Charting Help/Tips Please! for long term care / SNF

Specialties Geriatric

Published

Help! my first RN job is at a SNF pm shift (3-11) with 38 residents. I am barely making the med passes, treatments, neuro/vital/I&O checks for incidents before shift ends. i am having trouble charting in the 10min i have before shift report. WHAT exactly should i chart for residents with UTI's, Incidents, Wounds, just acting differently, etc? would love examples with LTC terminology. THANK YOU SO MUCH... i am a tad overwhelmed. :)

Specializes in ED/ICU/TELEMETRY/LTC.

One word.............FOCUS

Why are you charting? How about this?

UTI? Pain, temperature, complaints, odor of urine, mentation, reaction to ABT, output, what else did you do?

V/S 98.2,68,14,112,58 98% saturation on room air. Has denied pain and verbalized no complaints. Urine remains with strong odor. Mentation at baseline for this resident. No reaction noted to prescribed ABT. UOP X 4 incontinent per usual. Fluids at bedside and encouraged with med pass. Nancy Nurse RN.

Wound. What, where, dimensions, description, complaints?

V/S .......

Resident has 4 x 3 cm skin tear to right forearm. Wound is dry and free from drainage, warmth, or odor. Edges well approximated, steristrips in place. Resident denies pain, stating that area is "sore".

Remember, it's not how much you chart, it's how you chart.

excellent! thank you!

Specializes in Pediatrics, Geriatrics, LTC.

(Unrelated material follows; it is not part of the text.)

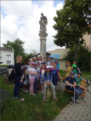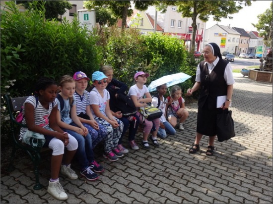 Mit Schwester Thekla machten sich die Kinder der 3a und ihre Klassenlehrerin heute auf eine Reise durch Neusiedl am See. Sie besuchten die verschiedenen Marterl, Kreuze und Kapellen in der Stadt. Schwester Thekla erzählte den Kindern interessante Geschichten über die verschiedenen Stellen. Die Reise begann bei der Kaserne in Neusiedl am See und endete beim Bahnhof. Zwischendurch trafen sie auch eine Frau, die vor ihrem Geschäft an einem Webstuhl saß und arbeitete. Kurzerhand führte sie unsere Schülerinnen und Schüler durch ihr Geschäft und erzählte ihnen von ihrer Tätigkeit.Nach einer kurzen Rast und der Jause ging die Reise weiter. Zum Abschluss durften die Kinder im Garten ihrer Klassenlehrerin spielen.

I was taught to state the problem and exactly what you did for the resident. If there is pain, did you medicate or position. Anxiety, meds or redirect?

Ex: Resident upset and anxious at dinnertime. Asking to "go home" and wants to speak with husband. Phone call made to husband and resident seemed calmer after that. Again expressed anxiety, crying and frightened at bedtime. PRN ativan given with + effect. Resident currently aslep (2300) with call bell within reach, floor mats in place, bed in lowest position. Will continue to monitor.